### Exercise requirements
Look through the records below, and copy out every line that holds the string "with".

═════ Record excerpts

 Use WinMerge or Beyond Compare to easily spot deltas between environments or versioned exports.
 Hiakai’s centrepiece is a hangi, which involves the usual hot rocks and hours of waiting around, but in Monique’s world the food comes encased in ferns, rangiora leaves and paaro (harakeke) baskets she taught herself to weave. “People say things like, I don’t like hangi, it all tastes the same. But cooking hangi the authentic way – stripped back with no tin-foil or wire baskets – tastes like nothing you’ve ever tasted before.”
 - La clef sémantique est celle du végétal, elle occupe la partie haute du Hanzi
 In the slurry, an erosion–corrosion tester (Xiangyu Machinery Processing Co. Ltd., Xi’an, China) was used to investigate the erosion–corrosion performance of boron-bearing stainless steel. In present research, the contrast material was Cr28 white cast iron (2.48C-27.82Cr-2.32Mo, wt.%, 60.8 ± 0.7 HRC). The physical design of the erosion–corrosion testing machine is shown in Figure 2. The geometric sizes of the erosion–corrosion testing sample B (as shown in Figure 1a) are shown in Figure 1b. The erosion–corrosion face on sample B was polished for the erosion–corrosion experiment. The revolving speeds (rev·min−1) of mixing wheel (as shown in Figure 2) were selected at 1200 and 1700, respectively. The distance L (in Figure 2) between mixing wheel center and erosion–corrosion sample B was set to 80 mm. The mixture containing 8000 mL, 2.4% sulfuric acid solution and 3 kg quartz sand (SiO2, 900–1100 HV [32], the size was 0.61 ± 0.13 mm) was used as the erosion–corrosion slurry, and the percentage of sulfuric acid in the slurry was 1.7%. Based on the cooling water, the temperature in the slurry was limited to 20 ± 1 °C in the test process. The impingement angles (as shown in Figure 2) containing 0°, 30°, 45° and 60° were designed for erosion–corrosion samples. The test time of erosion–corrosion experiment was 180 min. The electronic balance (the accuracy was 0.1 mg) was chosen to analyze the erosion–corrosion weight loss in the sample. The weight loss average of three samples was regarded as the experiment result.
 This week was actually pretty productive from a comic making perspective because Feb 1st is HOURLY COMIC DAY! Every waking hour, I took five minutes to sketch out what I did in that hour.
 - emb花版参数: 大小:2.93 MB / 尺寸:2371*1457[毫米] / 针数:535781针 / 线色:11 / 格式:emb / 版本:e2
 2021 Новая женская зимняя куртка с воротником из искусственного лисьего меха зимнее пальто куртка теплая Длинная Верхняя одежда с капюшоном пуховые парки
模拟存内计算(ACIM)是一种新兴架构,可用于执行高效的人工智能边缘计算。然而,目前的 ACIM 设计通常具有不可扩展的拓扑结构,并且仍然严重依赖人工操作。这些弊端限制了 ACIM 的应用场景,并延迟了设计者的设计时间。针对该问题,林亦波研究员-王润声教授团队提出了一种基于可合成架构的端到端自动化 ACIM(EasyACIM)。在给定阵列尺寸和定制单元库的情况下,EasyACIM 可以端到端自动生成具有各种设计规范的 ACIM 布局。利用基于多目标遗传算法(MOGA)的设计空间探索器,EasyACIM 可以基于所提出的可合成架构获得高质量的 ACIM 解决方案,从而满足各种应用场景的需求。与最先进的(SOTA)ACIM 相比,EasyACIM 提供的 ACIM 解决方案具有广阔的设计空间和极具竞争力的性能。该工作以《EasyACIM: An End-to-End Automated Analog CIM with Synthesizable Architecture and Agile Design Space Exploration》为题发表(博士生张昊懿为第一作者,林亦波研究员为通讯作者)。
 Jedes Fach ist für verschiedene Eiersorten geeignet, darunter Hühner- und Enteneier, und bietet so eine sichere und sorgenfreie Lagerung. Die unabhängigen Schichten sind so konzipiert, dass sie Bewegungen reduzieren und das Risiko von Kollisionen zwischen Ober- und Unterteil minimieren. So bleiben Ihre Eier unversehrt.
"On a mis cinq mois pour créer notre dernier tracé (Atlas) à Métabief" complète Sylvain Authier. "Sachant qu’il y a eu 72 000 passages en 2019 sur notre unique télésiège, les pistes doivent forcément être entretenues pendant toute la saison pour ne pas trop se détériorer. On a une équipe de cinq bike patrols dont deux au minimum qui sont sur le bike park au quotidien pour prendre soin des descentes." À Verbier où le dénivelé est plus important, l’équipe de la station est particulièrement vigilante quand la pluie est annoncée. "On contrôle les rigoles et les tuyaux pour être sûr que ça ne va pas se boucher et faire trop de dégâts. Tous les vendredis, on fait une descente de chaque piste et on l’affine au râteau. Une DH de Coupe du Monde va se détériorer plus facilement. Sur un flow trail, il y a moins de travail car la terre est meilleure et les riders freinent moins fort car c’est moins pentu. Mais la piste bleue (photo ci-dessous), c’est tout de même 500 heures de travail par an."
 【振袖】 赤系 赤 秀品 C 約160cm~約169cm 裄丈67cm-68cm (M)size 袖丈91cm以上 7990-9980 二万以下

══════════

### Solution to this exercise
 Hiakai’s centrepiece is a hangi, which involves the usual hot rocks and hours of waiting around, but in Monique’s world the food comes encased in ferns, rangiora leaves and paaro (harakeke) baskets she taught herself to weave. “People say things like, I don’t like hangi, it all tastes the same. But cooking hangi the authentic way – stripped back with no tin-foil or wire baskets – tastes like nothing you’ve ever tasted before.”
模拟存内计算(ACIM)是一种新兴架构,可用于执行高效的人工智能边缘计算。然而,目前的 ACIM 设计通常具有不可扩展的拓扑结构,并且仍然严重依赖人工操作。这些弊端限制了 ACIM 的应用场景,并延迟了设计者的设计时间。针对该问题,林亦波研究员-王润声教授团队提出了一种基于可合成架构的端到端自动化 ACIM(EasyACIM)。在给定阵列尺寸和定制单元库的情况下,EasyACIM 可以端到端自动生成具有各种设计规范的 ACIM 布局。利用基于多目标遗传算法(MOGA)的设计空间探索器,EasyACIM 可以基于所提出的可合成架构获得高质量的 ACIM 解决方案,从而满足各种应用场景的需求。与最先进的(SOTA)ACIM 相比,EasyACIM 提供的 ACIM 解决方案具有广阔的设计空间和极具竞争力的性能。该工作以《EasyACIM: An End-to-End Automated Analog CIM with Synthesizable Architecture and Agile Design Space Exploration》为题发表(博士生张昊懿为第一作者,林亦波研究员为通讯作者)。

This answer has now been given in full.